'É preciso segurança, credibilidade e espaço nas transmissões'

Avaliação é de Antônio Carlos Morim, coordenador da ESPM Rio

Renan Fernandes, O Estado de S. Paulo

14 de dezembro de 2015 | 07h00

Em conversa com o Estado, o professor de Gestão de Marcas e coordenador do MBA de Gestão de Negócios e Inteligência Competitiva da ESPM Rio, Antônio Carlos Morim, elenca três pilares que ainda afastam os investidores do futebol brasileiro, principalmente em parcerias de longo prazo.

CREDIBILIDADE

O modelo gestor de muitos dos nossos clubes vive de fases boas, mas carece de uma visão profissional.
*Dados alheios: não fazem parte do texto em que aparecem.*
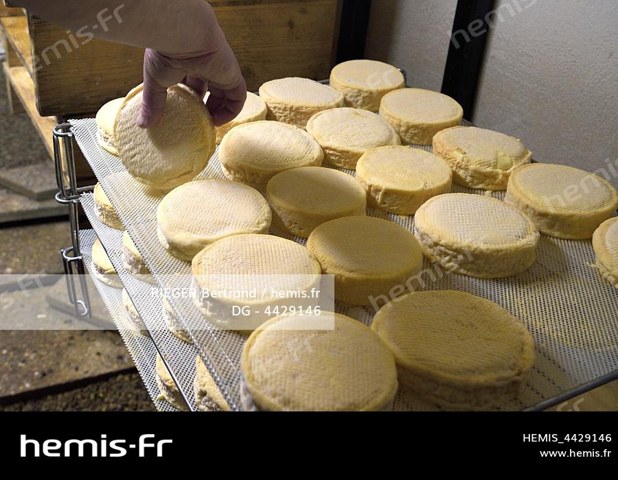 France, Haut-Rhin (68), Wasserbourg, Ferme-auberge Buchwald, le marcaire Michel Wehrey à la fabrication du fromage de munster AOP (lait de vache), munster de 15 jours toujours retourné régulièrement dans la cave d'affinage
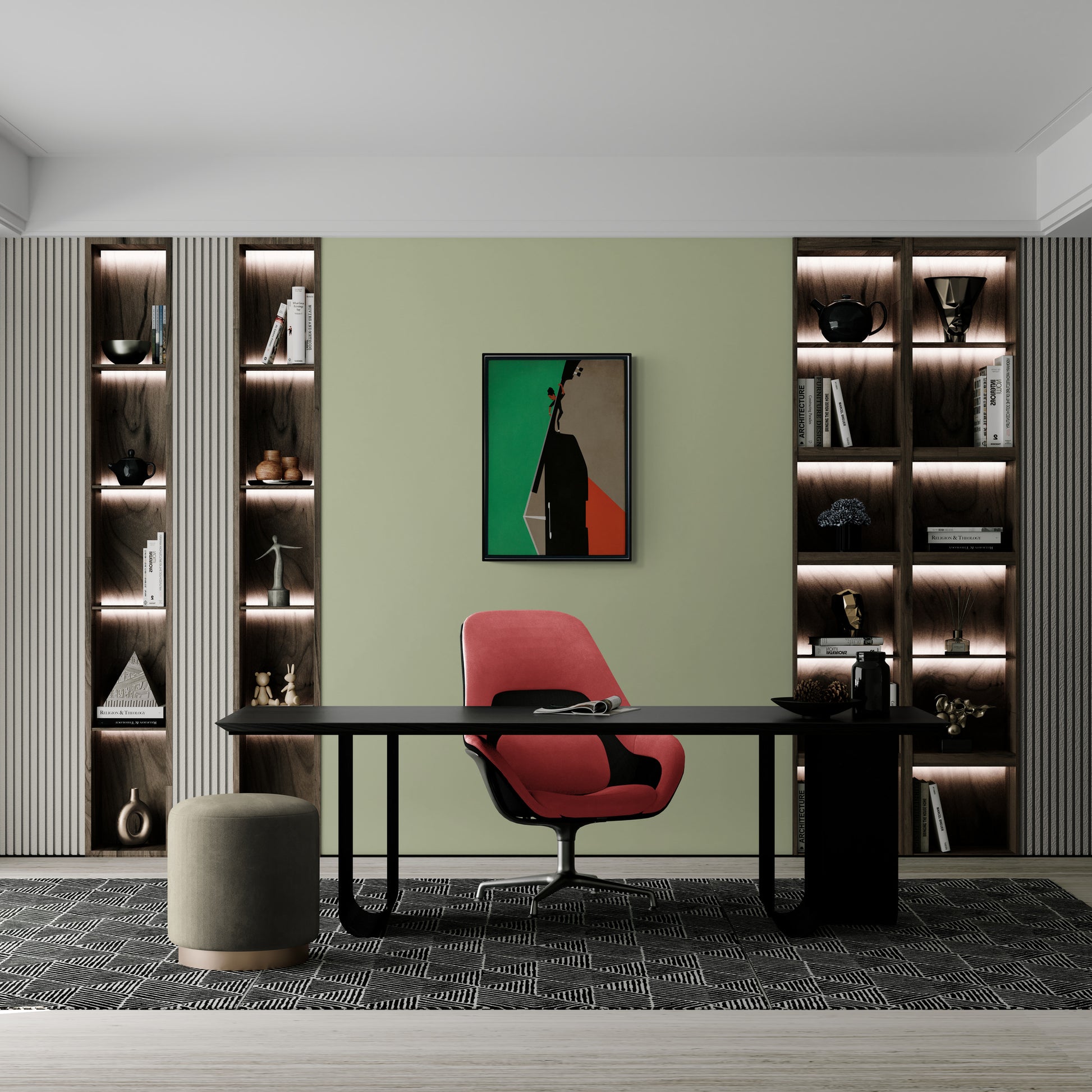A modern, minimalist illustration of a musician playing a towering double bass, their figure leaning gracefully into the instrument's massive form. The background features bold geometric blocks of green, gray, and red, adding vibrancy and contrast to the black double bass.
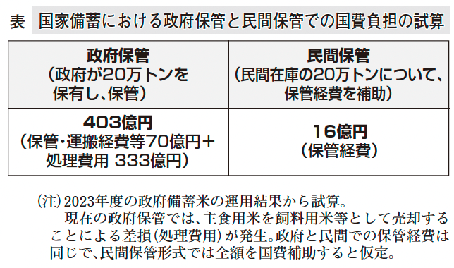 備蓄米については、「必要経費を支援することはやむを得ないとしても、民間在庫と合わせた保管に移行し、弾力的に活用する仕組みを検討すべき

Além disso, ainda estamos assimilando o modelo de naming rights com as novas arenas. Este é um cenário caótico para o investidor de uma marca, que trabalha com parâmetros perfeitos de investimento.
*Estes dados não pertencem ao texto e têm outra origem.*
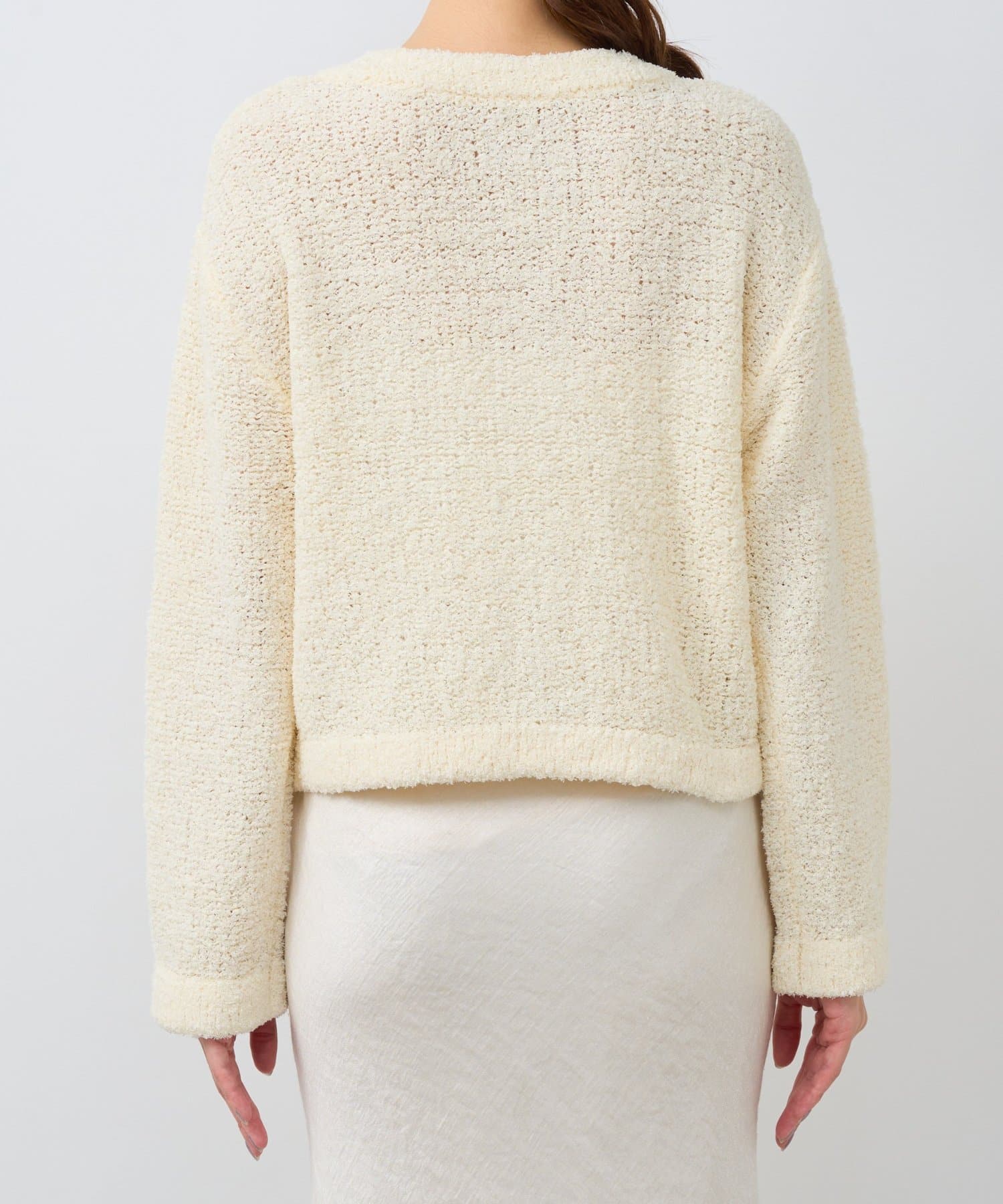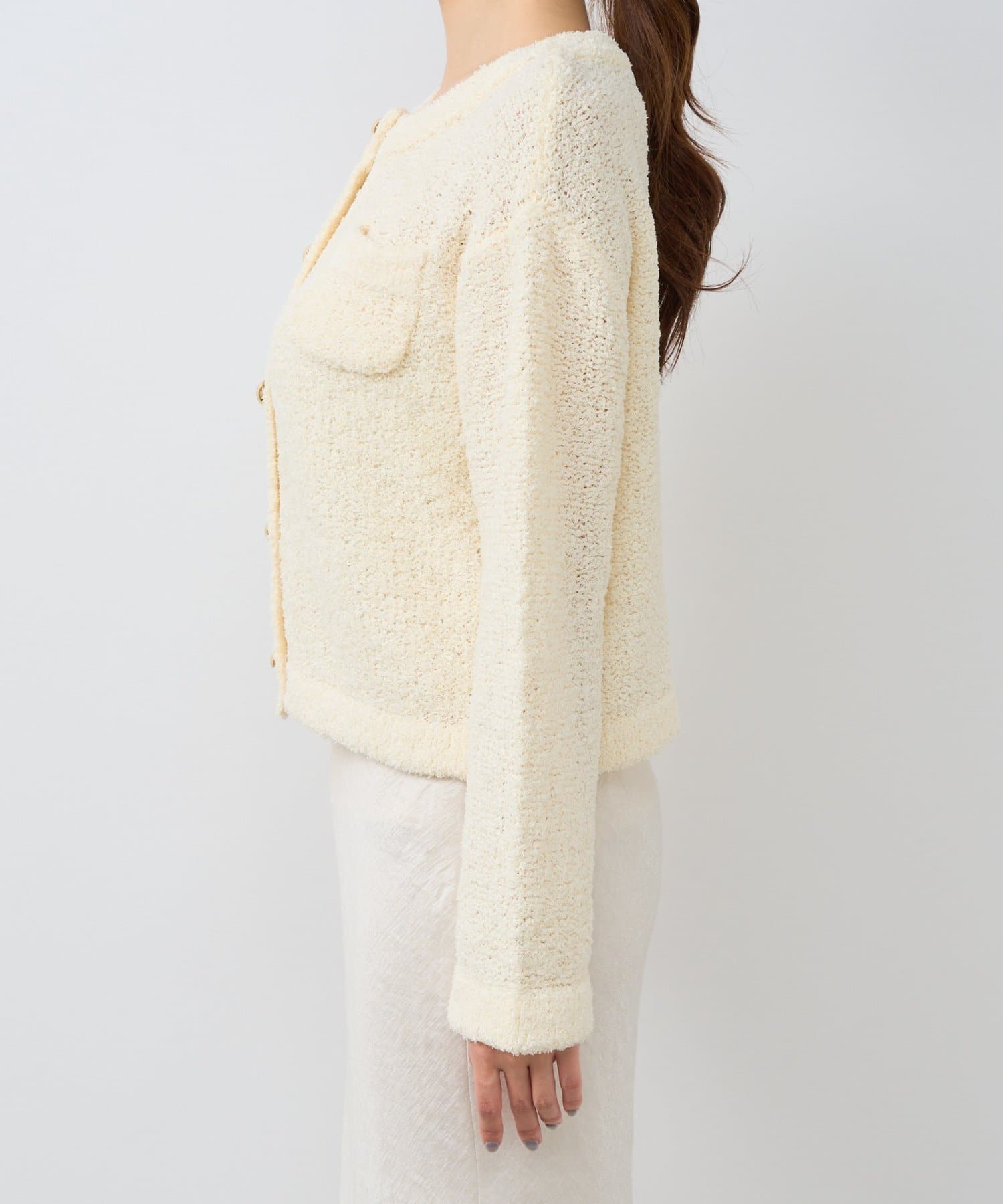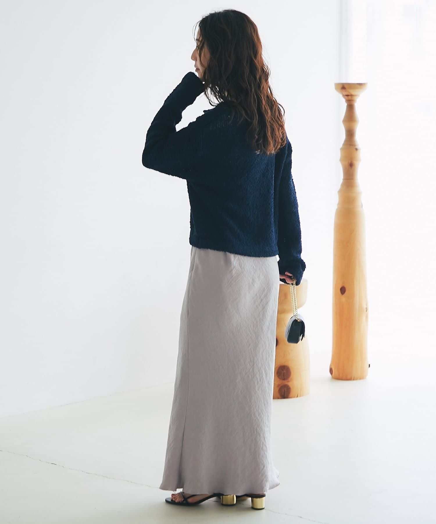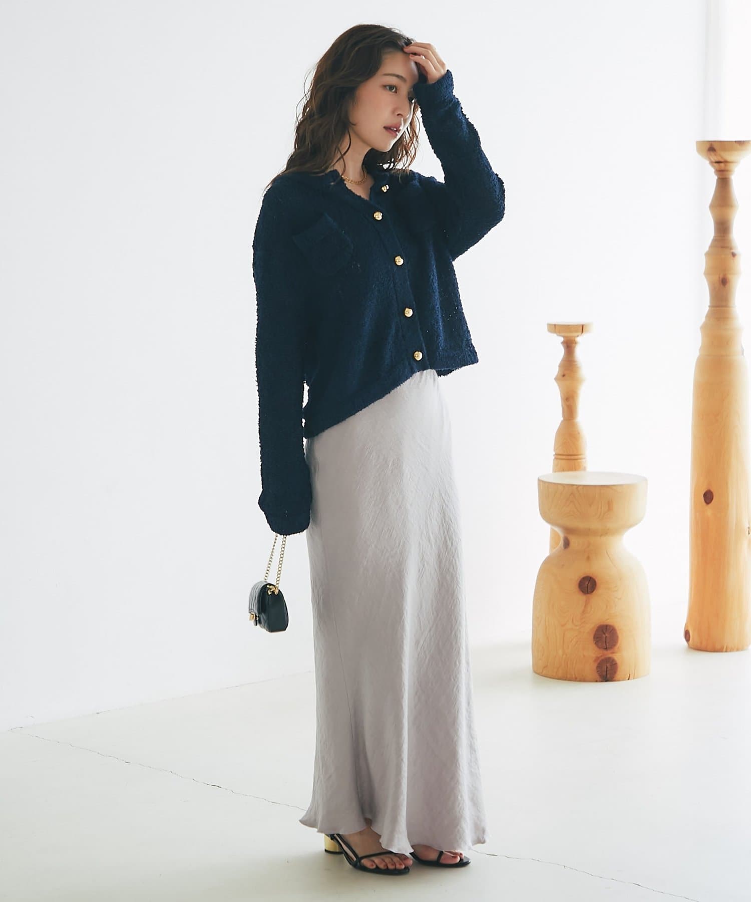 ワンピースやブラウスに羽織れば、エレガントな印象に。
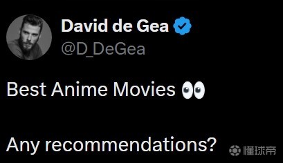 北京时间4月14日,佛罗伦萨门将德赫亚通过个人社交媒体向网友征求动漫电影推荐。
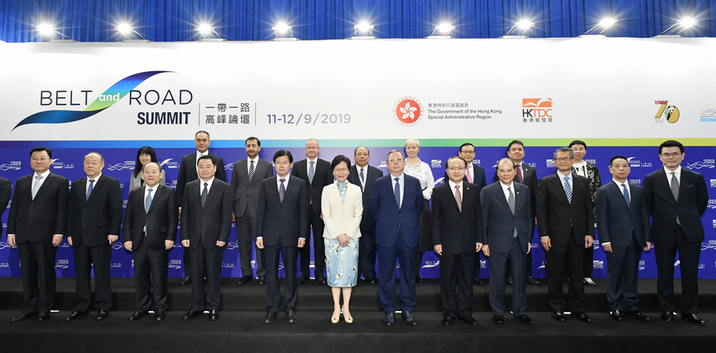 第4 屆「一帶一路高峰論壇」昨在港開幕,圖為出席嘉賓大合照。

O ambiente do futebol ainda permite certas nuances e, em certos momentos, falcatrua. Então, você pode estar colocando dinheiro em um clube e ver sua marca envolvida em um escândalo. Isso aconteceu com os parceiros da Fifa, que chegaram ao ponto de exigir a saída de Joseph Blatter do cargo de presidente da entidade. Além dos nomes dos anunciantes aparecerem ao lado de camburões de polícia, ainda podem surgir associações e teorias da conspiração. 'Será que ele (patrocinador) estava envolvido em tudo isso?'

Por isso a maioria das marcas prefere fazer um contrato de curto prazo. Você não consegue enxergar no médio e no longo prazo do futebol brasileiro um planejamento estratégico estruturado em seu parceiro/clube. Às vezes você até tem dinheiro para fazer uma parceria de 20 anos, mas surge aquela dúvida: 'Será que eu devo investir?'

INSEGURANÇA

O próprio País faz o investidor se questionar. O Brasil não é um País estável na política e em suas taxas de impostos. É possível estar estruturado e ganhando dinheiro no Brasil, mas não é possível apostar 20 anos na frente.

TRANSMISSÃO

Você escolhe um momento, um evento específico para expor sua marca porque ali está o seu consumidor. Mas com o naming rigths você ainda precisa negociar a parte com a mídia para ela falar seu nome. As transmissões da Rede Globo são um exemplo. Nas grandes competições estrangeiras ela fala o nome do patrocinador porque ela entra apenas como retransmissora do evento. Mas aqui no Brasil ela compra os direitos de transmissão e define seus parâmetros. Assim, ela está em seu direito jurídico de pleitear um investimento para fazer a exposição de uma determinada marca.